The next day, the Blackledges visit Lorna at work and ask her to return to Montana with their grandson, she agrees to do so, but she's also concerned what this family will do to her if she leaves, probably track her down. So instead of Lorna showing up at their hotel, the Blackledges are visited by Blanche, Donnie and Bill, plus a couple other tough-looking family members, and things don't go well. George pulls his gun, but come on, he's getting on in years, so he ends up in the hospital, and the local sheriff who investigates the incident sides with the Weboys, pointing out that these out-of-towners came to Gladstone to try to get their grandson back, then they pulled a gun on the Weboys while in their hotel room, but the good news is that the Weboys have agreed to not press charges, provided George and Margaret leave town and forget about their grandson. 

Well, that probably would be the smart thing to do, only Margaret can't seem to give up. George sneaks out to return to the Weboy ranch with a shotgun, and he tries to either take the boy or go all one-man-army on the Weboys. Well, he's not exactly Jason Statham so there are some disastrous consquences, to say the least. I guess at some point you have to cut your losses and accept that even family members are going to come and go. At that point, even if they could get little Jimmy back, would it be worth the cost? 

Sure, the Jason Statham films are mindless, feel-good action films where the moral arc of the universe bends toward justice, and the good guy with a gun usually beats a biker gang with guns because he's got the moral high ground, also he exercises and knows MMA stuff. But if a normal person went up against a whole family full of tough guys, this film's result is at least a bit more believable, even if it's not exactly the outcome the audience wants. Even when Margaret gets more help from Peter, by the time she arrives at the Weboy house, well, no spoilers here. 

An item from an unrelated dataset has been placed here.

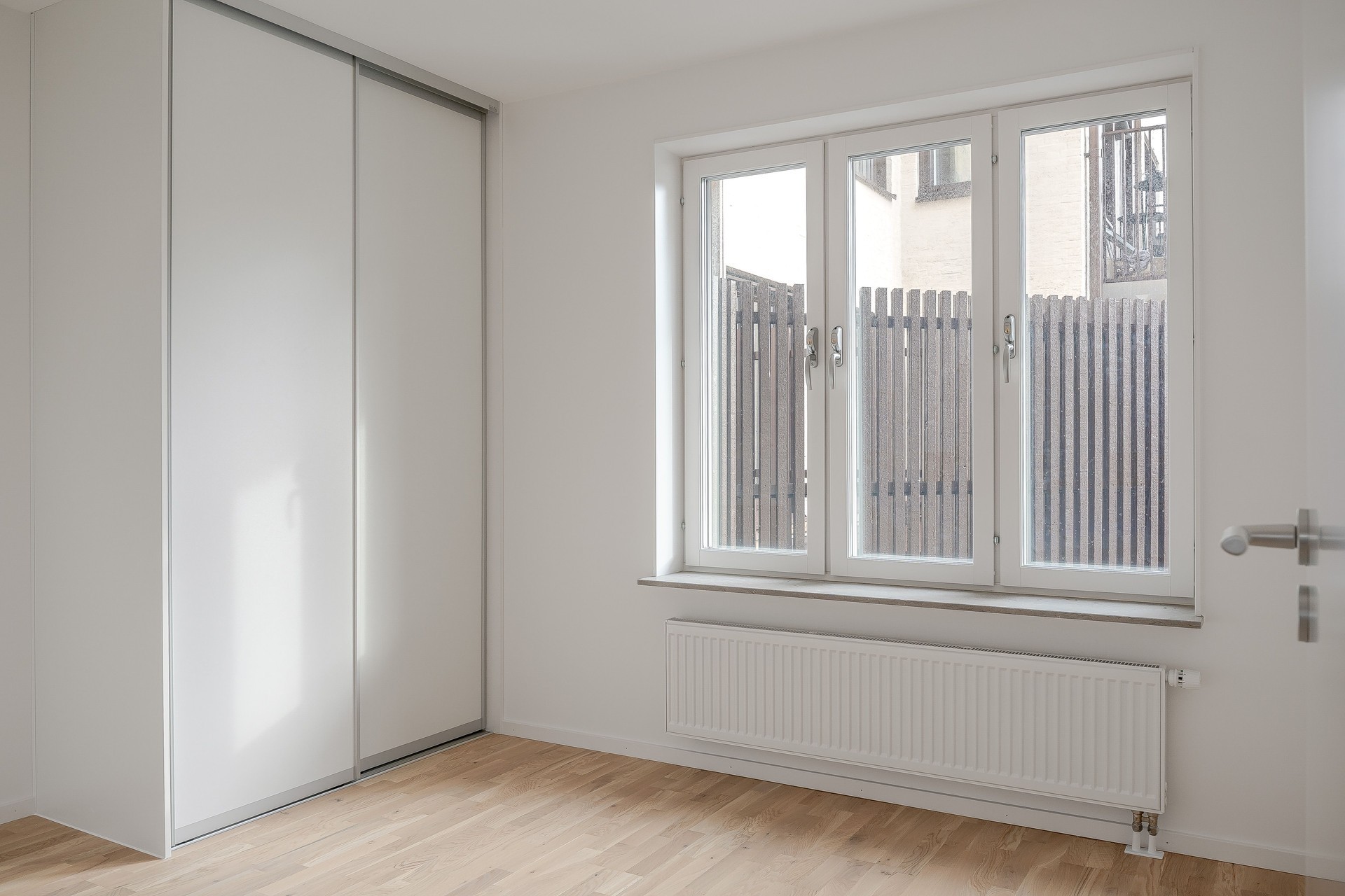 SOVRUM 2 - Passar bra som hemmakontor, barnrum eller gästrum. Förvaring i skjutdörrsgarderob. Parkettgolv och vita väggar.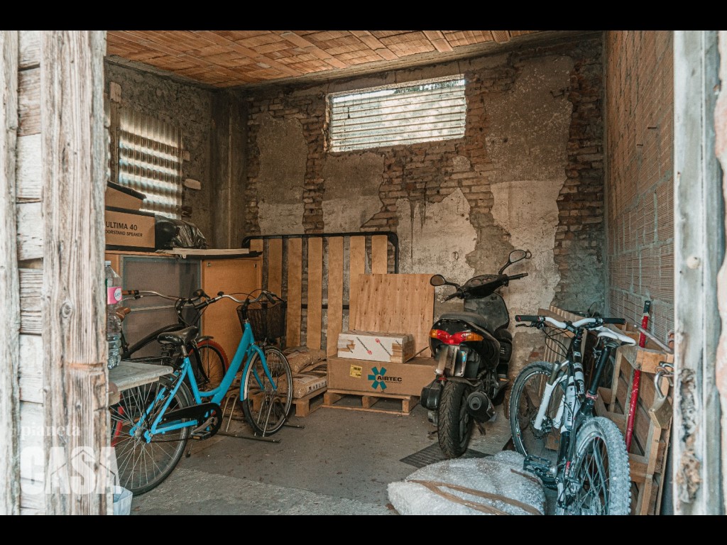 La struttura al piano terra, in muratura, offre un ambiente interno ampio e funzionale, ideale come magazzino, rimessa o spazio operativo;

But these actors played Superman's earth parents in the previous round of DC superhero films, maybe that's why it feels like they're the moral people with justice on their side. Why couldn't they have tried to go about things the legal way, instead of playing vigilante, maybe file some lawsuit to get visitation rights so they could see their grandson? That might have taken a bit longer, especially if they didn't know where he was, but ultimately that could have been more successful. Just saying. 

Directed by Thomas Bezucha (director of "The Family Stone")

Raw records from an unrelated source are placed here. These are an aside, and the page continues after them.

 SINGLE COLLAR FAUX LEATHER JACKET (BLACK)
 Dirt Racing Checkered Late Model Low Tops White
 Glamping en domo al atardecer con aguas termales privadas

Also starring Diane Lane (last heard in "Inside Out 2"), Kayli Carter (last seen in "A Complete Unknown"), Ryan Bruce, Lesley Manville (last seen in "Ordinary Love"), Will Brittain (last seen in "The Forever Purge"), Jeffrey Donovan (last seen in "Wrath of Man"), Connor Mackay, Adam Stafford, Booboo Stewart (last seen in "The Twilight Saga: Breaking Dawn - Part 2"), Greg Lawson, Bradley Stryker (last seen in "Cold Pursuit"), Will Hochman, John Treleaven, Heather Lea MacCallum, Ryan Northcott, Otto Hornung, Bram Hornung, Ravonna Dow, Judith Buchan, Marilyn Potts, Vanessa Holmes, Bryn Roy, Finn Lee-Epp

RATING: 6 out of 10 slices of coffee cake

Friday, March 27, 2026

The Upside of Anger

Year 18, Day 86 - 3/27/26 - Movie #5,285

BEFORE: Joan Allen carries over from "Death Race", to a film that I'm not quite sure how to handle, because it seems rather relationshippy, if not outright romance-y. That usually would reserve a film for February, however I tried other outros from the Jason Statham block, and this was really the only one that worked, in that it gets me to Easter in the proper time frame. If I read the signals correctly, this film does NOT connect to anything else on the romance list, so it's OK to split this one off from the herd, otherwise it's just going to sit on the watchlist for a few more years maybe, or never get watched at all. 

I've also just realized it's a prime candidate for a Mother's Day film, perhaps similar to "Because I Said So" or "Lovely and Amazing", which were both about families with several teen/twenty-something females and their relationships to their mother. So this film is arriving either two weeks too late for the romance chain or two months early for Mother's Day, I can't really tell before I watch it, but I really need it for the linking so I'm going to just watch it and hope the chain knows what it's doing. 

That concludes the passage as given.